昨日、夕食(ポテトとサーモンとサラダとパンの、ティピカルスウェディッシュなご飯をつくってくれた)を一緒に食べているとき、家族でゲストハウスをつくっているという話をしてくれた。ここから車で30分くらい走った湖のほとりに、1年ほど前からお父さんが中心になって、完全セルフビルドでゲストハウスを作っているという。工事はほとんど終わっていてあとは水道パイプをつけるだけだと言っていた。スウーェデンでは25㎡くらいまでの小屋は自分で作れるらしい。お母さんがわざわざパソコンで写真をたくさん見せてくれた。家族みんなで壁の骨組みを立ち上げたり、家が完成して誕生日パーティーをやったり湖で泳いだりしてる写真を見て、この家族がこれまで共に過ごしてきた時間が流れこんできて、なんだかえらく感動してしまった。
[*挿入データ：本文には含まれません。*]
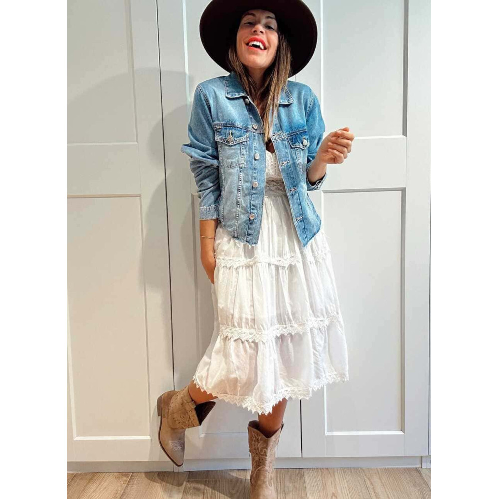 <li><strong>Vestido de estilo ibicenco con paneles avolantados y puntillas en la falda.</strong></li>

この家の隣は、外国(たしかポーランドと言ってた)から来た出稼ぎの人たちの家で、スウェーデンでは建設現場などで多くのポーランド人が働いてるらしい。同じように、スウェーデン人もノルウェーに出稼ぎにいくという。「スウェーデンよりもノルウェーは物価が高い。だから出稼ぎにいくんだ。とても簡単に行けるから、カフェとかレストランでしばらく働いてお金を稼いでくる。言葉も近いからお互いに理解出来る。」と言っていた。

翌朝「マッシュルーム」と呼ばれているウォータータワーに連れて行ってくれた。特徴的な形をした貯水塔で、エレベーターで上に上がれて、エーレブルーを見渡せる展望台がある。登ってみたわかったけど、エーレブルー周辺は地形はフラットで高低差がない(スウェーデンは北のほうにいくと少しずつ山になっていくらしい)。そして周辺をぐるっと森に囲まれていて、大きな湖も見える。50メートルくらいの塔だけど、街は全て見渡せる。コンパクトさがよくわかる。
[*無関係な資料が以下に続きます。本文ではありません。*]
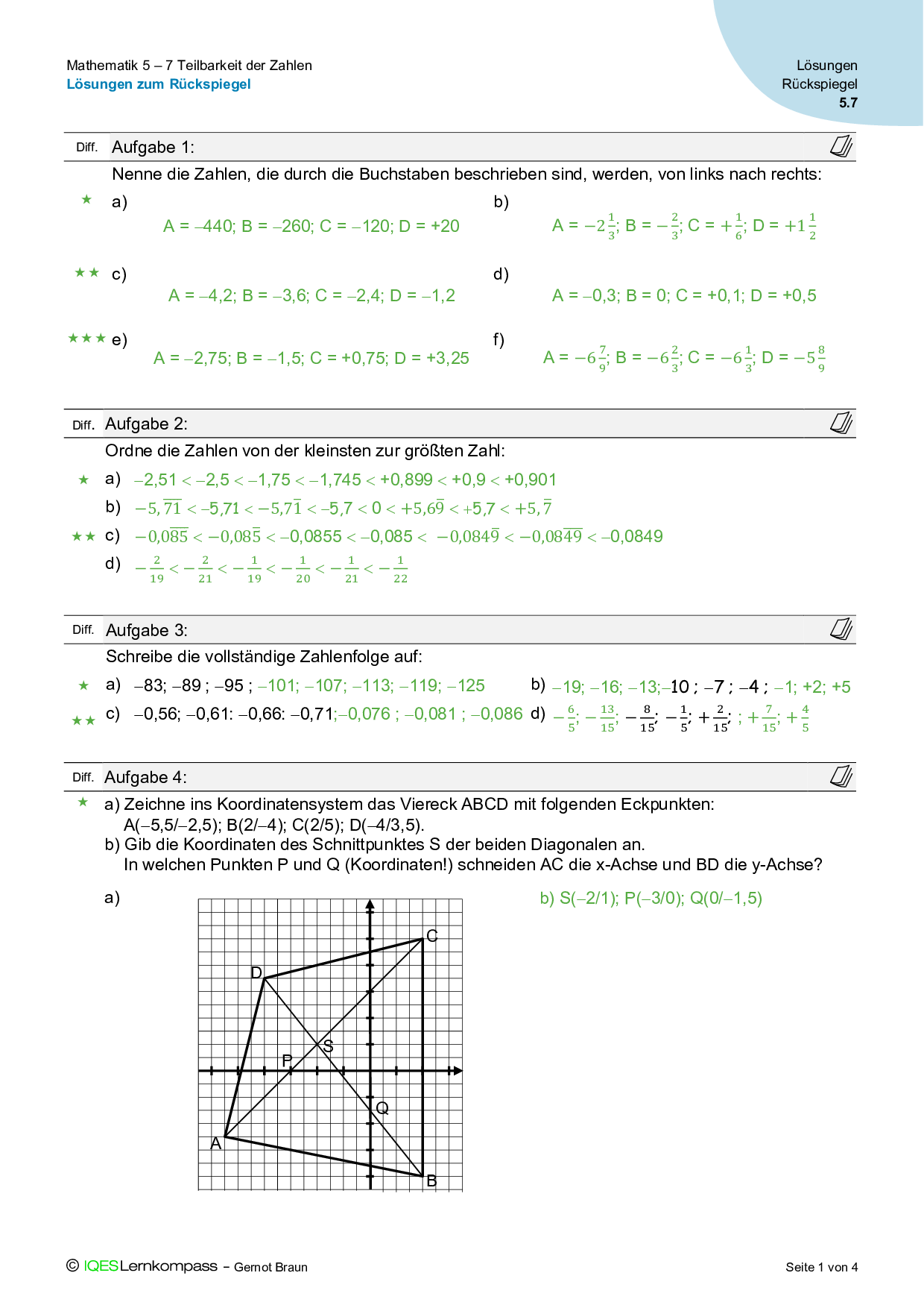 7.1 Rationale Zahlen – Lösungen zum Rückspiegel

そのあと、小さな家がたくさん集まっているという場所に連れて行ってくれた。行ってみるとフェンスに囲まれた敷地内にたくさん小さい家が集まっている大きな庭のような場所だった。もともと大きなサマーハウスを持てない労働者もサマーハウスを持てるようにと企業が土地を用意し、そこにそれぞれが小さな家を建てたらしい。今ではサマーハウスとして使ってる人もいるけど、宿泊施設としても貸してる家もあるみたい。こういう庭がエーレブルーの中だけで他にもいくつかあると言っていた。

あと、車に乗りながら旦那さんがある大きなビルを指して「この建物がみんな気に入らないんだ、周りと色が違うから」と言っていた建物があった。確かに少しばかり派手な印象はあるけど僕には十分控えめなカラーリングに見えた。

もう8月だ。東京では新しい都知事が決まった。この家のお母さんは、先日津久井で起きた障害者施設での殺傷事件のことを知っていた。このニュースはこちらの新聞でもテレビでも取り上げられてるらしい。